This is not deregulation; it is more like what happened during the Ronald Reagan era. At that time, the US tried to revitalize its rivalry, not with China, but especially with Japan and Western Europe. Reagan’s ruthless behavior towards his own allies was aimed at strengthening the US global position. Today, I think it has become even harsher, so much so that the President of the US can stand up and say, ‘Oh Denmark, you have to give us Greenland, or else we will buy it.’ They even imply that they can intervene directly if necessary.

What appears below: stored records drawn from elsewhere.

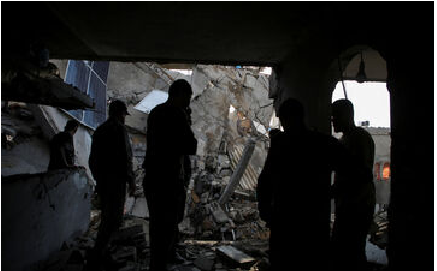
Guerre à Gaza : frappes intenses sur Rafah, « opération antiterroriste », pour parler au Caire... le point sur la situation
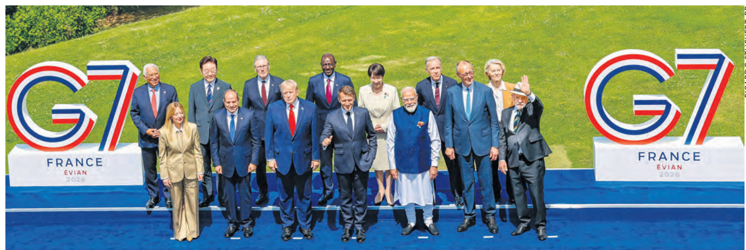
Photographie officielle du G7 à Évian le 16 juin 2026.
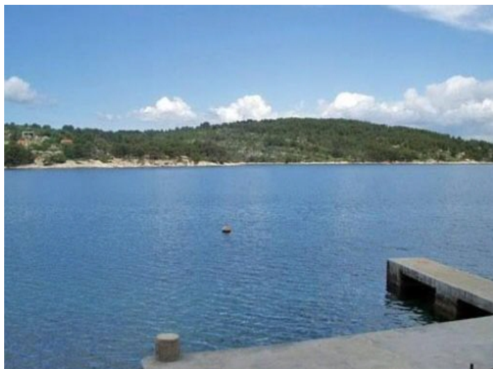
Herrlicher Ausblick auf das Meer
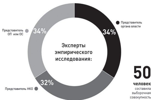
Рис. 1. Распределение экспертов эмпирического исследования по группам опрошенных, в % (N=50) Fig. 1. Grouping of empiric study experts in pollees, as % (N=50)

В качестве эмпирического объекта исследования выступили ключевые агенты цифровизации гражданского общества в Самарской области – эксперты в области цифровых технологий, являющиеся представителями органов власти разного уровня и госбюджетных организаций (17 экспертов), представителями НКО (16 экспертов) и представителями общественных советов при региональных органах исполнительной власти, общественных палат и общественных советов муниципальных образований Самарской области (17 экспертов) (рис. 1).
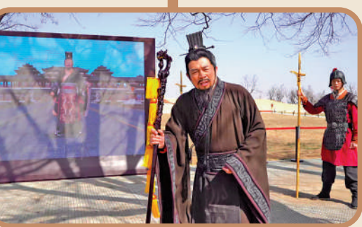
在未央宮遺址，遊客可以與「張騫」一起「出使」。
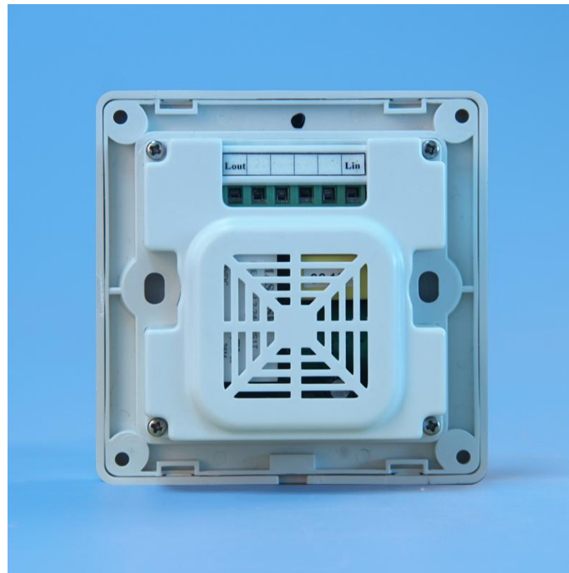
图三 产品背面结构
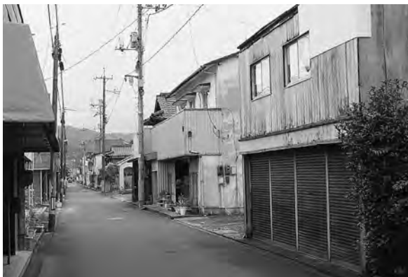
シャッターが下りる商店街

A 平成29年5月の調査によれば65歳以上の在宅単身者は717人。今後毎年10名程度ずつ増加すると見込んでいる。見守りと緊急通報装置事業を推進して支援体制づくりを行い、さらなる充実に努めていく。
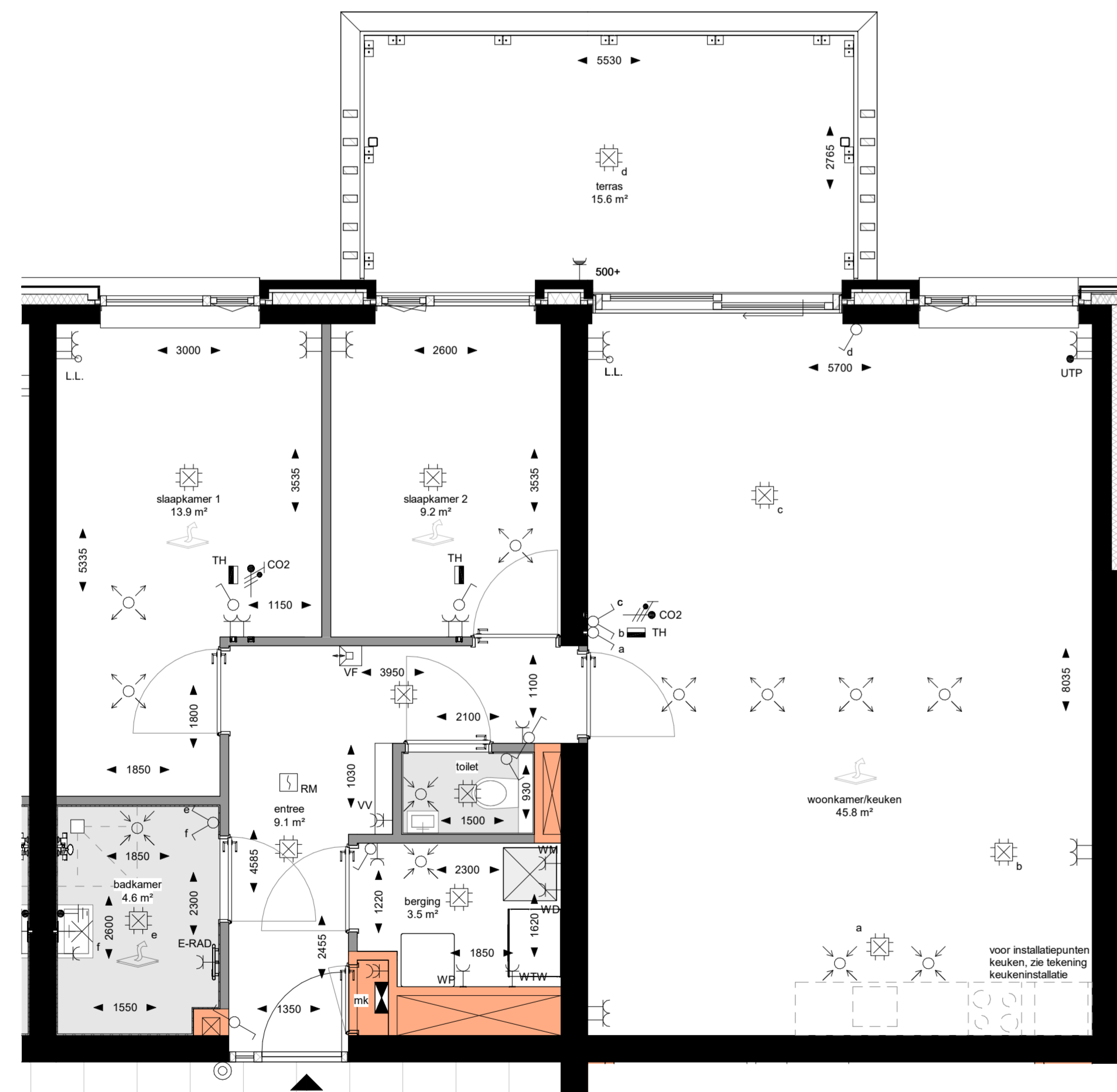
Eerste verdieping 1:50

This kind of behavior is actually a continuation of the past US policies towards Panama. Panama was detached from Colombia and made independent because the US wanted to build a canal there. In other words, this imperialist behavior towards weak countries is already a tradition. But the behavior towards medium-sized states such as Germany, Britain, France or Japan is becoming more and more brutal. I see this as the result of an intensifying and ever more bitter rivalry.

The US in particular is less and less reluctant to use its military power more recklessly, and this is becoming more and more prominent. This is not a new era; it is a further advance of neoliberalism and laissez-faire. The so-called ‘rules-based economic policy’ rhetoric has been completely discarded.

Tunç Akkoç: We see both overly optimistic and overly pessimistic comments about the Chinese economy. When government bonds lose value, pessimists sound the alarm; when exports break records, optimists raise their voices. Does China have the intention or the power to ‘share’ the world with the US?

Lucas Zeise: I completely agree with you; the overly optimistic comments are as exaggerated as the overly pessimistic ones. If I try to think from the point of view of the Chinese Communist Party and its leaders, their tradition has been to position China as the largest economic power and to take the first place in the capitalist world.

In the present situation, if I am the second most powerful country, naturally my goal is to equalize with the first. And I have to do this because there is almost no scenario in which the US will accept this and say, ‘OK, we can live in peace with China.’ For a while it seemed as if there was this understanding, that we were working well with China and we were happy with that. But this is clearly no longer possible.

The official US policy is based on not allowing China to become an equal power. They want to continue to set the rules and, if necessary, to violate them according to their own interests. Therefore, China is forced to act like an imperial power.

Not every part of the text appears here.